--- WORKING DATA ---

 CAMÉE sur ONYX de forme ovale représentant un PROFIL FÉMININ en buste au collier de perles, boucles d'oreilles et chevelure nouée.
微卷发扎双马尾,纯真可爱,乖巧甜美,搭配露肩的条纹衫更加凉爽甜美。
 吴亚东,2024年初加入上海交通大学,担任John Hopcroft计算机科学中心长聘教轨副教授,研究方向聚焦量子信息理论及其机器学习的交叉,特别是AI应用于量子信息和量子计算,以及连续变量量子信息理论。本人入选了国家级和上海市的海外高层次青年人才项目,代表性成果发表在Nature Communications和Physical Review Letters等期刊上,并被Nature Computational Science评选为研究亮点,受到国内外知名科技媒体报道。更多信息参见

---
--- WORKING DATA ---

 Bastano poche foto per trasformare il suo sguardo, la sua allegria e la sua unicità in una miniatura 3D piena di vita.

---

* [WHAT IS NEEDED]: Restate word for word the entries above from the line with "CAMÉE sur ONYX" through the line with "Communications和Physical Review Letters等期刊上,并被Nature", inclusive, leaving out everything else.

* [TASK ANSWER]:
 CAMÉE sur ONYX de forme ovale représentant un PROFIL FÉMININ en buste au collier de perles, boucles d'oreilles et chevelure nouée.
微卷发扎双马尾,纯真可爱,乖巧甜美,搭配露肩的条纹衫更加凉爽甜美。
 吴亚东,2024年初加入上海交通大学,担任John Hopcroft计算机科学中心长聘教轨副教授,研究方向聚焦量子信息理论及其机器学习的交叉,特别是AI应用于量子信息和量子计算,以及连续变量量子信息理论。本人入选了国家级和上海市的海外高层次青年人才项目,代表性成果发表在Nature Communications和Physical Review Letters等期刊上,并被Nature Computational Science评选为研究亮点,受到国内外知名科技媒体报道。更多信息参见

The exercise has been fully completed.